A. SystemSoft will pay Sykes a royalty equal to 25% of the Net
Revenues attributable to SystemWizard Premiere Software.
X. Xxxxx will pay SystemSoft a royalty equal to 25% of the Net
Revenues attributable to any Sykes Software product utilizing SystemSoft
technology.
X. Xxxxx will pay SystemSoft a royalty in connection with the
product portion of Total Service Solution which shall be calculated as
follows:
(i) If Total Service Solution uses a SystemSoft Software
product, the royalty to be paid to SystemSoft shall be 75% of the Net
Revenues attributable to the product portion.
(ii) If Total Service Solution uses a Sykes Software product,
the royalty to be paid to SystemSoft shall be 25% of the Net Revenues
attributable to the product portion.
(iii) In the event that the parties can not agree on the
respective values of the technology or services included in the Total
Service Solution, the royalty to be paid to SystemSoft shall be based on
the most favorable prices charged by each party for such component
contributions during the previous calendar year.
The following example illustrates the operation of Section 4.1.C
hereof:
Total Service Solution (price) $50.00
Service component (100% Sykes) $45.00
Product component (allocated) $5.00
Allocation: Sykes SystemSoft
If Section 4.1.A applies: $1.25 $3.75
If Section 4.1.B applies: $3.75 $1.25
If Section 4.1.C applies: Most favorable pricing
"Net Revenues" means the actual gross receipts derived from all
sources whatsoever, less any sales, use, excise or other taxes (other than
taxes on income), allowances for returns, defects, replacements or other
rebillable items. If SystemWizard Premiere Software is distributed in a
single package with other software products that do not contain
SystemWizard Premiere Software for a single price (including, without
limitation, SystemSoft Software), the Net Revenue attributable to
SystemWizard Premiere Software will be determined by prorating the
receipts from the sale or license of the single package according to the
suggested price of the software, or if no suggested price is announced,
the values mutually established for SystemWizard Premiere Software and
such other products, whether or not such products are distributed
separately, provided that such values are reasonably related to the values
or cost of the separate products. Net Revenues will not include any
receipts from copies of SystemWizard Premiere Software supplied for
promotional purposes to the press, trade, sales representatives or
potential customers for SystemWizard Premiere Software. Amounts received
as deposits or advances will not be deemed to have been received until
shipment of SystemWizard Premiere Software to the party making the
deposits or advances have been made against such deposits or advances.

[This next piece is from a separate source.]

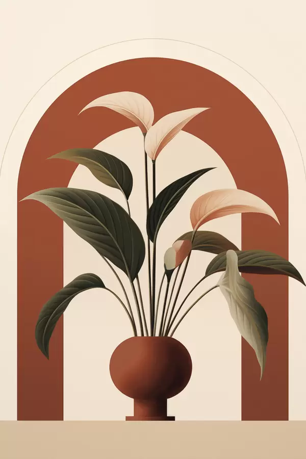 Poster Abstrakcyjna roślina doniczkowa z dużymi zielonymi i beżowymi liśćmi przed kremową bramą z akcentami terakoty Nr f47032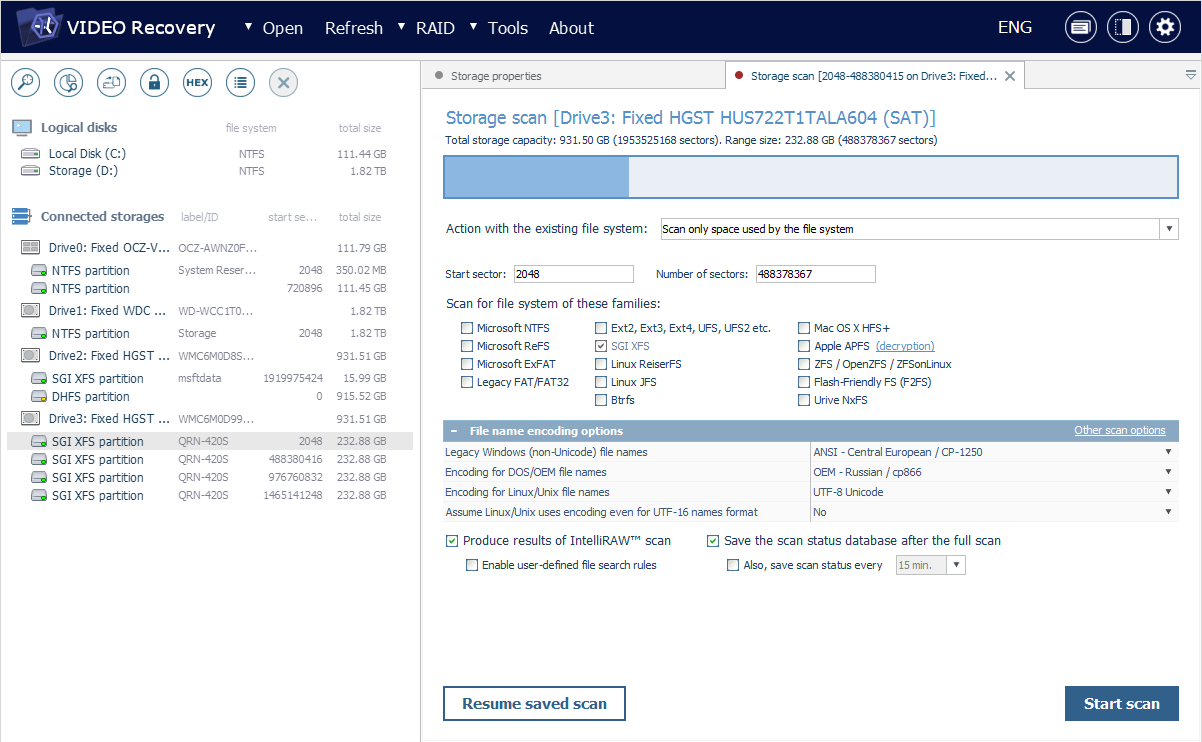 Die Schaltfläche "Fortsetzen des gespeicherten Scans" unten links auf der Registerkarte ermöglicht es, den Scan mit dem Fortschritt fortzusetzen, den er beim Speichern in einer Scanstatus-Datenbank-Datei hatte. Gehen Sie zum Speicherort der *.ssdb-Datei und klicken Sie auf "Öffnen". Der Prozess beginnt sofort an der Stelle, an der er gestoppt wurde.

Partial payments of an invoice will be prorated over all products included
in the invoice. Amounts received in foreign currencies will be deemed
converted into U.S. Dollars.
4.2 Commission. Sykes agrees to pay to SystemSoft 3% of the first
year Net Revenues of each contract derived from any Sykes Service Offering
which SystemSoft actively assists Sykes in selling. Such fee will be paid
by Sykes upon the commencement of each such Sykes contract based on
estimated Net Revenues to be paid to Sykes during the first full year
thereof. Notwithstanding anything else in this Agreement to the contrary,
(i) commissions under this Section 4.2 shall accrue and be payable to
SystemSoft only after the first $70,000,000 of Net Revenue is received by
Sykes in connection with Service Offering, (ii) no commissions shall
accrue or be payable and no Net Revenue shall be attributable to contracts
under this Section 4.2 with entities with which Sykes has a pre-existing
contractual relationship or written proposal or which SystemSoft did not
actively assist Sykes in the sales function, as determined by Sykes in its
sole discretion, and (iii) at the end of the first full year of each
contract under this Section 4.2, Sykes and SystemSoft shall calculate the
commissions to be paid hereunder based on actual Net Revenues paid to
Sykes and shall make appropriate compensating payments. Under no
circumstances shall any commissions accrue or be payable to SystemSoft for
periods other than the first full year of each such contract hereunder.
4.3 Quarterly Payments: All royalty and commission payments owed by
one party to the other under this Agreement will be payable in U.S.
Dollars on a SystemSoft fiscal-quarterly basis within thirty (30) days
after the end of each such quarter based on Net Revenues received during
such quarter.
4.4 Reports of Royalty Payments. Each party shall deliver to the
other, along with its payment of royalties due for each SystemSoft fiscal
quarter, a written report showing, in reasonable detail, its calculation
of royalties payable with respect to such quarter. The parties shall
maintain such books and records as are necessary to properly calculate the
amounts of royalties to be paid pursuant to this Agreement. An
independent certified public accountant selected by one party and
reasonably acceptable to the other (the paying party) may, upon reasonable
notice and during normal business hours, but no more often than once each
quarter, inspect the records of the paying party on which such reports are
based. Any information revealed in such inspection shall be kept
confidential and not disclosed to anyone, except to the extent necessary
to identify to the parties or any fact finder in any action instituted to
enforce the terms of this Agreement. The paying party's determination of
the payments due under this Agreement will be deemed final and conclusive
unless, within twelve (12) months from the date of payment thereof, the
receiving party notifies the paying party in writing of any error in such
payments. The fees and expenses of the independent certified public
accountant shall be paid by the party initiating the inspection, unless
the inspection uncovers an underpayment for the SystemSoft fiscal quarter
in question in excess of 5% of the amount actually paid for such quarter,
in which case the fees and expenses of such accountant shall be borne by
the party liable for such underpayment.
4.5 Review Meetings. At a minimum, each SystemSoft fiscal quarter,
Sykes and SystemSoft will conduct a joint meeting during which revenue
forecasts, account status, implementation, share call reports and other
relevant information regarding SystemWizard Premiere Software shall be
discussed. At the request of either party, such meetings shall be held
more frequently. The location of the joint meeting shall be mutually
agreeable to the parties, or may be conducted by telephone.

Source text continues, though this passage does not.